In reference to this specific release by Downtown Records, quite why an album is being released through "Digital outlets in the UK" after being available for free online for nearly a year is anyone's guess, but Holiday is certainly an album that deserves to be heard whether inside or outside of the context of the sprawling work of Peter Silberman's Antlers project. Like The Antlers' stunning debut "Hospice" it is a meticulously crafted work composed for a single listen that repeats motifs and tropes throughout without ever becoming repetitive.
It is more distant than "Hospice", carrying little of the overbearing emotional weight that it was wrought with but carrying with it a mysterious charm.

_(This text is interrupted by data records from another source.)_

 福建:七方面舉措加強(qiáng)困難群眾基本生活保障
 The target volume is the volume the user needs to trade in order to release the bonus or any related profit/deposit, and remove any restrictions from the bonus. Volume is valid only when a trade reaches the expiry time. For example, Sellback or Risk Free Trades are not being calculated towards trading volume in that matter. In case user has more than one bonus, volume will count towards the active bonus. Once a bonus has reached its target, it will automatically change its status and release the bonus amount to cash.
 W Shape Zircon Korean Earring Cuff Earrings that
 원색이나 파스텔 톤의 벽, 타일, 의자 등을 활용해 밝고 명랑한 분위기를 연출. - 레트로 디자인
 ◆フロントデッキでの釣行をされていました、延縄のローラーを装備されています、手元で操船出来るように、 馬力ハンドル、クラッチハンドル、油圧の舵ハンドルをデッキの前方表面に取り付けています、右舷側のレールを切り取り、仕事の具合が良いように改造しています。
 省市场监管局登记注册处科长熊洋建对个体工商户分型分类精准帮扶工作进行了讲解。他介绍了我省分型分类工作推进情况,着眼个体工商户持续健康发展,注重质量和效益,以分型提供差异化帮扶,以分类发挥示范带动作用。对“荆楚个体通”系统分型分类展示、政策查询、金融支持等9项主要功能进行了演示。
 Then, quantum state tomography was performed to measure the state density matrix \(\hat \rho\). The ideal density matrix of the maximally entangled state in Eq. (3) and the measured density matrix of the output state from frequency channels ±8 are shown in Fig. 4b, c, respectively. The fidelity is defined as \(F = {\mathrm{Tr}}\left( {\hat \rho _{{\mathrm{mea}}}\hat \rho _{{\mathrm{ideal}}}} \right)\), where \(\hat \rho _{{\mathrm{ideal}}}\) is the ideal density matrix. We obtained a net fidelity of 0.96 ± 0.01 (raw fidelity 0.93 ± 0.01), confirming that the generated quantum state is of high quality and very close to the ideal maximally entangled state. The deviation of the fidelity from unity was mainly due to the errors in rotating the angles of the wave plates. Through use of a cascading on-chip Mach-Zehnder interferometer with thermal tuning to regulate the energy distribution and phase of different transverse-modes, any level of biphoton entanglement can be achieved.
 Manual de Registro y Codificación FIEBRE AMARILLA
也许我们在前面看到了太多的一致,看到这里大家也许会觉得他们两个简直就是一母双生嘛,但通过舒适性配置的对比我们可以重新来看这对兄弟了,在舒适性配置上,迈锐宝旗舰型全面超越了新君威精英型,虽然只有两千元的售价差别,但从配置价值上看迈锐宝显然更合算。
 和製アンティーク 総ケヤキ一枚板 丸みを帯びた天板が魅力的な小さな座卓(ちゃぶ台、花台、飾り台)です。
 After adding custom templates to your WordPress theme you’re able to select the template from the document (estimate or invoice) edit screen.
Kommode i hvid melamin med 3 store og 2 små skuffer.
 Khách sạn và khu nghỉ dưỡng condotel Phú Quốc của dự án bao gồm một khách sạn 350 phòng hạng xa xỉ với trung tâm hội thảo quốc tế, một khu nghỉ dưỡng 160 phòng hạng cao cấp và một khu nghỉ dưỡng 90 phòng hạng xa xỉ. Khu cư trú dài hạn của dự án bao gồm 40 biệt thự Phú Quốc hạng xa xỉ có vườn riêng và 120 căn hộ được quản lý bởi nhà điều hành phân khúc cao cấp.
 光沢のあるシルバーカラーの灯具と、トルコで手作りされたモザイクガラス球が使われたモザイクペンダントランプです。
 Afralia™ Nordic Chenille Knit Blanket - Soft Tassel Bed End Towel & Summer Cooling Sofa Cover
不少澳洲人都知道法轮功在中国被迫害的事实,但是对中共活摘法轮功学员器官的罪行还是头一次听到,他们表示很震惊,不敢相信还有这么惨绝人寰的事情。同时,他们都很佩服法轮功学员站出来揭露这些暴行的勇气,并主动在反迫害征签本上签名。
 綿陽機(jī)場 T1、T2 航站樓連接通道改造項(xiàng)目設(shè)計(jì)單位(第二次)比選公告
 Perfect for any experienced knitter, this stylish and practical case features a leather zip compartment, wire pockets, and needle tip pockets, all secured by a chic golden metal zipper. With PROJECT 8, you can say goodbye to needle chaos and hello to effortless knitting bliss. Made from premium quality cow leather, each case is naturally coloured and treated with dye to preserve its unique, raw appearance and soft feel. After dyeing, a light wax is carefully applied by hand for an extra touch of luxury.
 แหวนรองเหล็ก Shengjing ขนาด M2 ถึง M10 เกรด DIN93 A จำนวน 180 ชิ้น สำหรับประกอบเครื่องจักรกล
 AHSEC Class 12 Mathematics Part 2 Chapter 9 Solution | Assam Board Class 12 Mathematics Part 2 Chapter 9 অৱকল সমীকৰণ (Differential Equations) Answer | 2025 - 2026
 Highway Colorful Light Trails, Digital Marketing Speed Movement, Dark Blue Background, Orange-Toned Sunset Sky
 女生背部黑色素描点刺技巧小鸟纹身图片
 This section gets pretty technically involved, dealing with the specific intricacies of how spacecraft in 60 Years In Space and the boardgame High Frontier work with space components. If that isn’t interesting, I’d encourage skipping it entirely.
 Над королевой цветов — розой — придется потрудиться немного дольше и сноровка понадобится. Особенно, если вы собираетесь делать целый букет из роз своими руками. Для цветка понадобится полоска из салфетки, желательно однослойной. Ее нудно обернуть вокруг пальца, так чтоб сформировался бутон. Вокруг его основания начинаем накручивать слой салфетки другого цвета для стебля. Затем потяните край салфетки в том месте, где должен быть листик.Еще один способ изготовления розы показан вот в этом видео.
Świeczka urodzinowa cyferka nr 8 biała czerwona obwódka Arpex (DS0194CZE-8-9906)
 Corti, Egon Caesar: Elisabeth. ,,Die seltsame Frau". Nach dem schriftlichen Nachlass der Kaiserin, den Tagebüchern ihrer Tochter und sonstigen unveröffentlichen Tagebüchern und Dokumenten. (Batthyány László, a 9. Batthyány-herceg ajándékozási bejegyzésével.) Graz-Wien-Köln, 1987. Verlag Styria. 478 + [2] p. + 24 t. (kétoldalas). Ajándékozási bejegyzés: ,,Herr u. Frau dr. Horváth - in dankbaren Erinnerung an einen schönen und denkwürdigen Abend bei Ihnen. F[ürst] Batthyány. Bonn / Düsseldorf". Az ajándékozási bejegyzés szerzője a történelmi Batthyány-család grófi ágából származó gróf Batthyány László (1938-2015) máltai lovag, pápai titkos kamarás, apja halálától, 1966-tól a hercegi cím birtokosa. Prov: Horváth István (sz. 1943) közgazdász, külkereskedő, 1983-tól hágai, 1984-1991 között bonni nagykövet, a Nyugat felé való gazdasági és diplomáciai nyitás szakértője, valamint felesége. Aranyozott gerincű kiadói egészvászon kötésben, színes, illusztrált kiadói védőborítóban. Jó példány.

Many of the falsettos that ring out across the 12 tracks of Holiday are obscured with reverb, leaving the lyrical content as less of a focal point yet not completely obscured. They are at their clearest on the album's highlight 'Amawalk', mirroring the retreating triumphalism of the instrumentation; a repetition of "I Will Be Set Free" giving way to a chorus channelling the billowing assonance of early My Morning Jacket. Again, like "Hospice" it appears in the context of a failing/failed relationship, but there is less reliance on stretched metaphors.